Please set down the lines of the listing exactly, from its first line to the line with "Quinta QD48403 3D", leaving the pictures out.

### SUPPLIED DATA
******************************

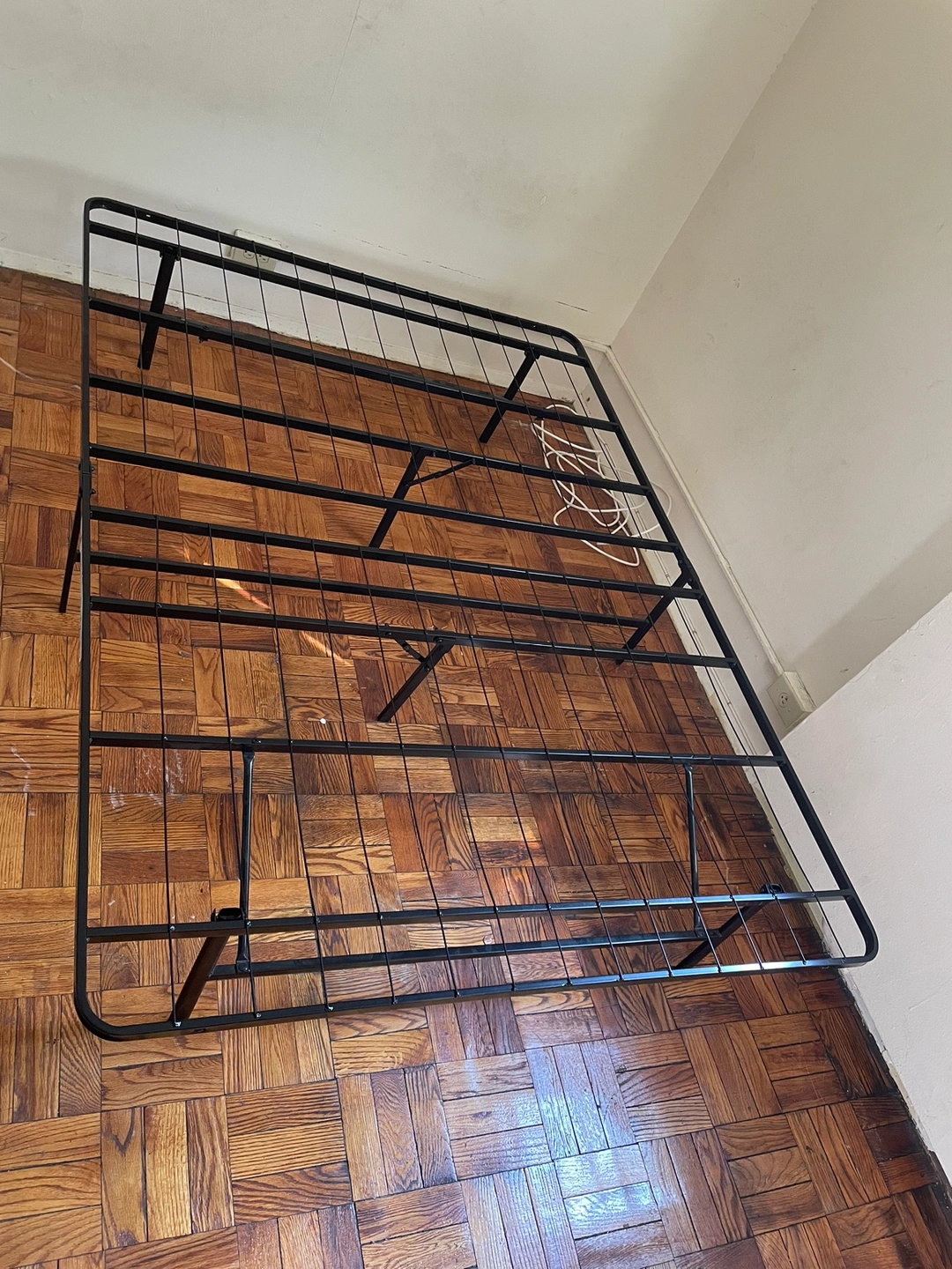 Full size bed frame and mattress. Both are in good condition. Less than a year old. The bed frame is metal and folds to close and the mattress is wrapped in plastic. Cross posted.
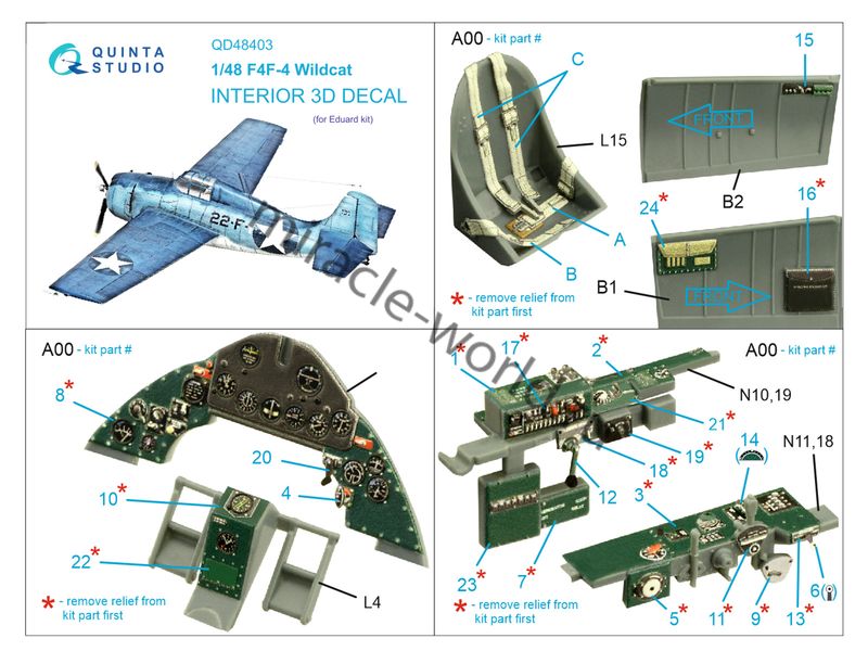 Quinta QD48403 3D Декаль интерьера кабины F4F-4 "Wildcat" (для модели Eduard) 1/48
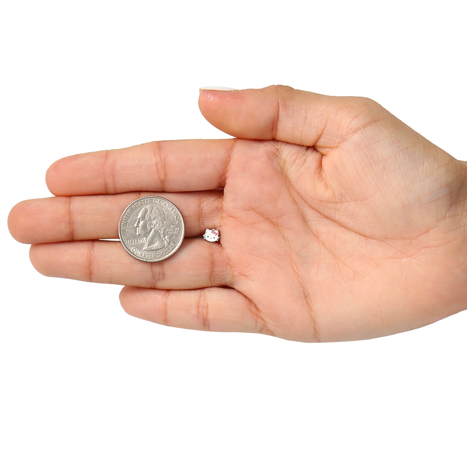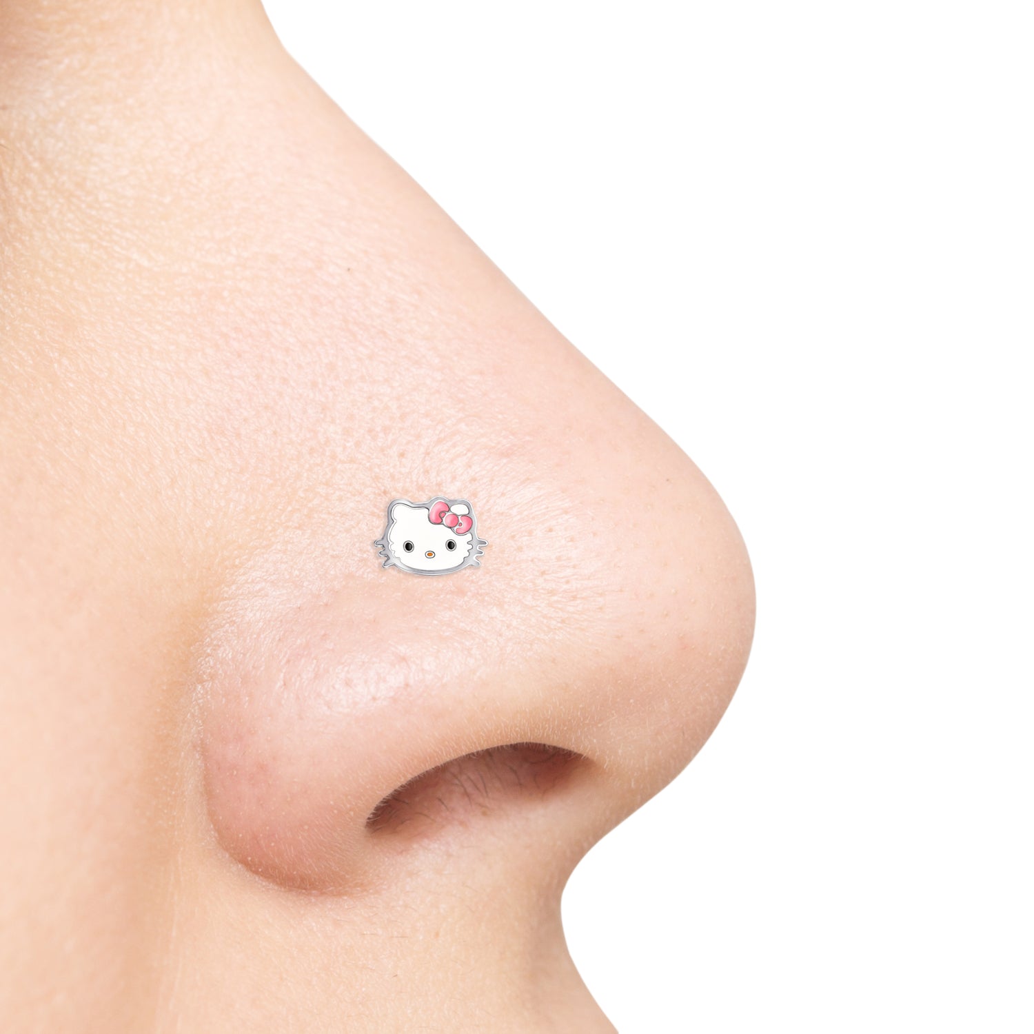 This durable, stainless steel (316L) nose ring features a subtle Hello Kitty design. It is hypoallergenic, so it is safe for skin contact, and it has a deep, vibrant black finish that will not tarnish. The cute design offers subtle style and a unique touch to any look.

******************************

### OUTPUT
 Full size bed frame and mattress. Both are in good condition. Less than a year old. The bed frame is metal and folds to close and the mattress is wrapped in plastic. Cross posted.
 Quinta QD48403 3D Декаль интерьера кабины F4F-4 "Wildcat" (для модели Eduard) 1/48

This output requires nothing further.